Первые мои школьные годы совпали со страшной порой: 37-й год, как я уже сказал, - год моего поступления. Понимал ли я, что творится вокруг? Увы, нет. Родителей моих, скромных совслужащих, беспартийных (отец инженер-экономист, мать секретарь-стенографистка), репрессии не коснулись, и дома об этом не говорили или, если говорили, то так, чтобы я не слышал. Естественно, не говорили об этом и в школе. В памяти остался лишь такой случай. В нашем классе был мальчик, кажется, по фамилии Буткевич; он сидел за первой партой, был прилежен, аккуратен, молчалив и ни с кем, как говорят, не водился. Когда он вдруг исчез, никто этого вначале не заметил. А потом кто-то сообщил, что у Буткевича отец оказался врагом народа и сын, следовательно, ему пособлял.
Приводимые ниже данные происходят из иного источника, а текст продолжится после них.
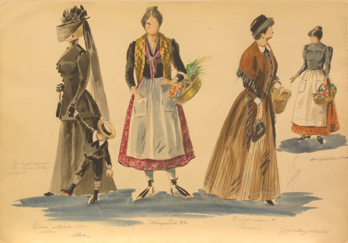 Nota: Boceto original de los personajes de "Clara" y tres compradoras firmado por el autor.; Mención de responsabilidad creada a partir del contenido del documento.; La obra fue estrenada en el Teatro de la Zarzuela (Madrid), el 29 de noviembre de 1898.
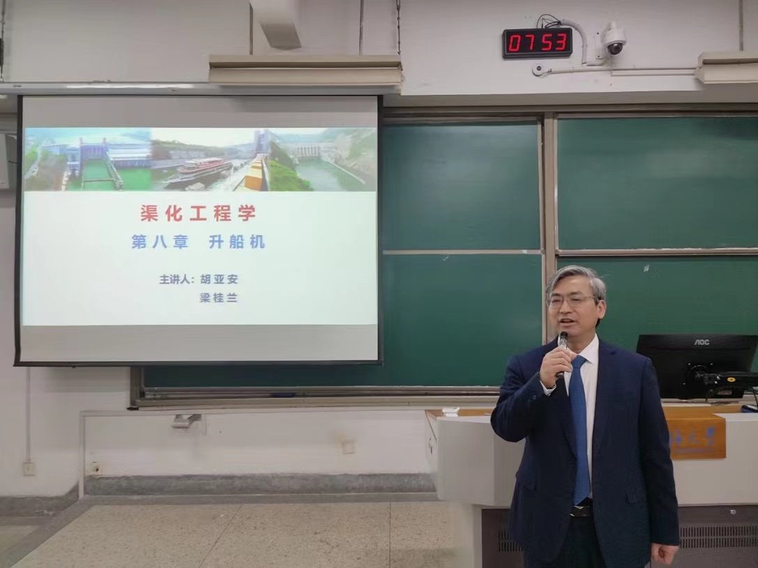 胡院士结合我国最新的大型渠化工程实例,通过实地录制的升船机运行视频与三维模型动画,为同学们演示了升船机的结构组成、工作原理和运行流程,将数字化等先进的教学手段与前沿科技巧妙融合进课程教学中。同时,胡院士将我国大型水利工程中的国之重器建设历史使命与责任担当等思政教育全方位贯穿、深层次融入课程,通过总结我国内河航运的发展规划蓝图,鼓励同学们锤炼意志品质、扎实专业学识,投身祖国水利事业的转型升级,让课程思政发挥协同效应。
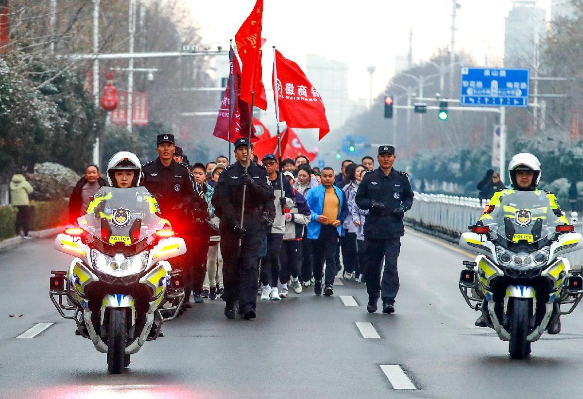 1月1日,安徽省淮北市公安局交通管理支隊相山大隊鐵騎隊員為元旦長跑暨健身健步走活動保駕護航。
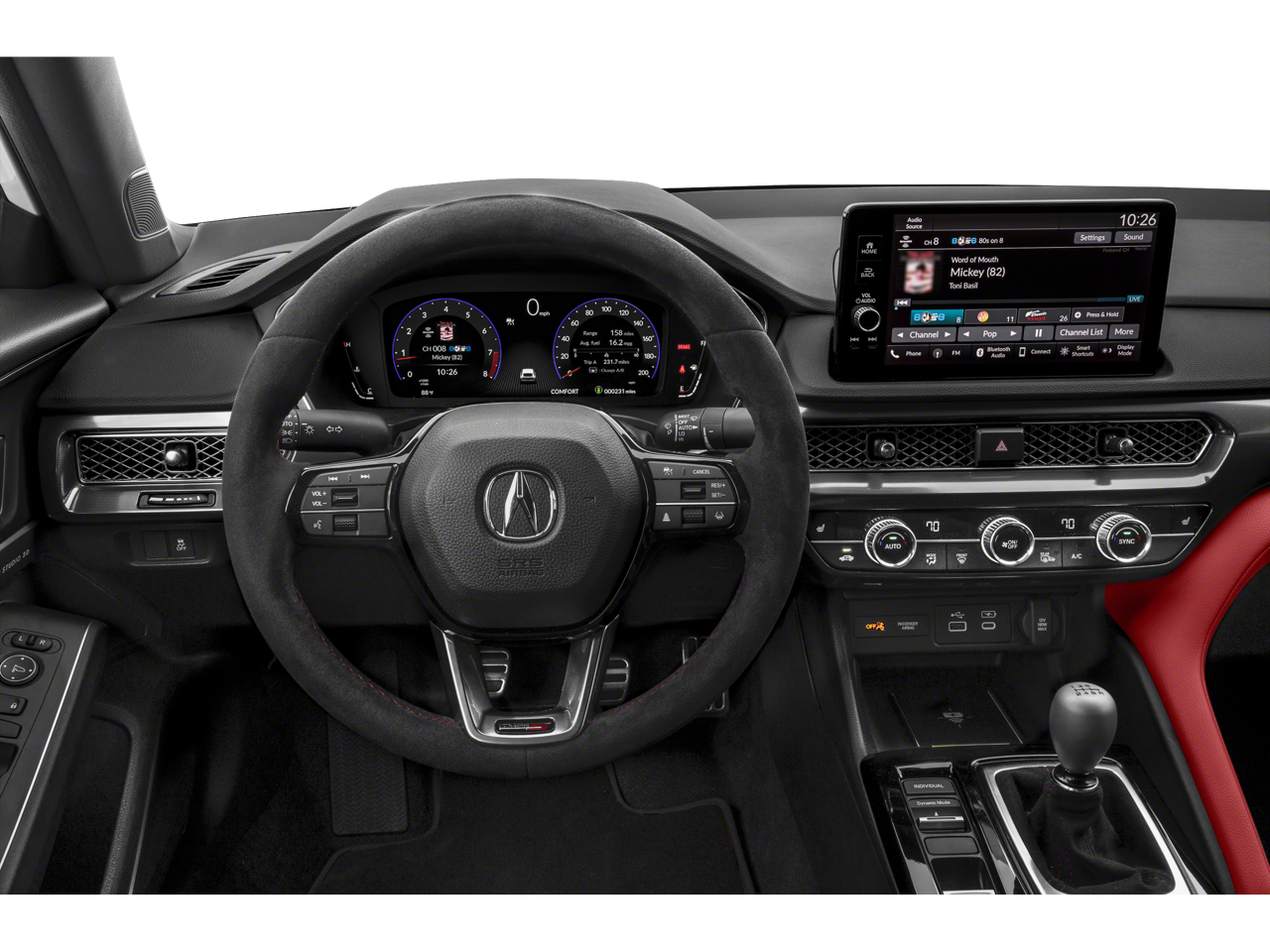 16 Speakers, 19 Aluminum-Alloy Wheels, 4-Wheel Disc Brakes, ABS brakes, Adaptive suspension, Air Conditioning, Alloy wheels, AM/FM radio: SiriusXM, Apple CarPlay/Android Auto, Auto High-beam Headlights, Auto-dimming Rear-View mirror, Automatic temperature control, Brake assist, Bumpers: body-color, Compass, Delay-off headlights, Driver door bin, Driver vanity mirror, Dual front impact airbags, Dual front side impact airbags, Electronic Stability Control, Emergency communication system: AcuraLink (subscription required), Four wheel independent suspension, Front anti-roll bar, Front Bucket Seats, Front Center Armrest, Front dual zone A/C, Front reading lights, Fully automatic headlights, Heads-Up Display, Heated door mirrors, Heated Front Bucket Seats, Heated front seats, Illuminated entry, Knee airbag, Lane departure: Lane Keeping Assist System (LKAS) active, Leather Shift Knob, Leather steering wheel, Low tire pressure warning, Occupant sensing airbag, Outside temperature display, Overhead airbag, Overhead console, Panic alarm, Passenger door bin, Passenger vanity mirror, Perforated Ultrasuede-Trimmed Front Seats, Power door mirrors, Power driver seat, Power steering, Power windows, Radio data system, Radio: ELS Studio 3D Premium Audio System, Rain sensing wipers, Rear anti-roll bar, Rear side impact airbag, Rear window defroster, Remote keyless entry, Security system, Speed control, Speed-sensing steering, Speed-Sensitive Wipers, Split folding rear seat, Spoiler, Steering wheel mounted audio controls, Tachometer, Telescoping steering wheel, Tilt steering wheel, Traction control, Trip computer, Turn signal indicator mirrors, Variably intermittent wipers.

Подивились, как это могло случиться с таким скромным мальчиком, но вскоре о нем забыли.

Зато о чем постоянно думали и не забывали - это о предстоящей войне, войне победоносной, героической, в которой Советский Союз сокрушит Германию и всех фашистов. Гайдар со своей "Военной тайной" и "Тимуром и его командой", фильмы вроде "Мы из Кронштадта" делали свое дело. Мое поколение воспитывалось в ненависти к фашизму, в сочувствии трудящимся всего мира (в том числе и немецким), в твердой уверенности, что скоро пробьет час всемирного братства и освобождения. Если бы в то время были известны строки Павла Когана: "Но мы еще дойдем до Ганга, / Но мы еще умрем в боях, / Чтоб от Японии до Англии / Сияла родина моя", они встретили бы у нас полное одобрение.

Поэтому замирение с Гитлером, "пакт Молотова-Риббентропа" вызвали у меня некоторое смущение (постольку, поскольку я вообще мог интересоваться - конечно, весьма слабо! - политикой). А начало войны с фашистами воспринималось как некое восстановление закономерности. И победа над фашистами, казалось, наступит незамедлительно.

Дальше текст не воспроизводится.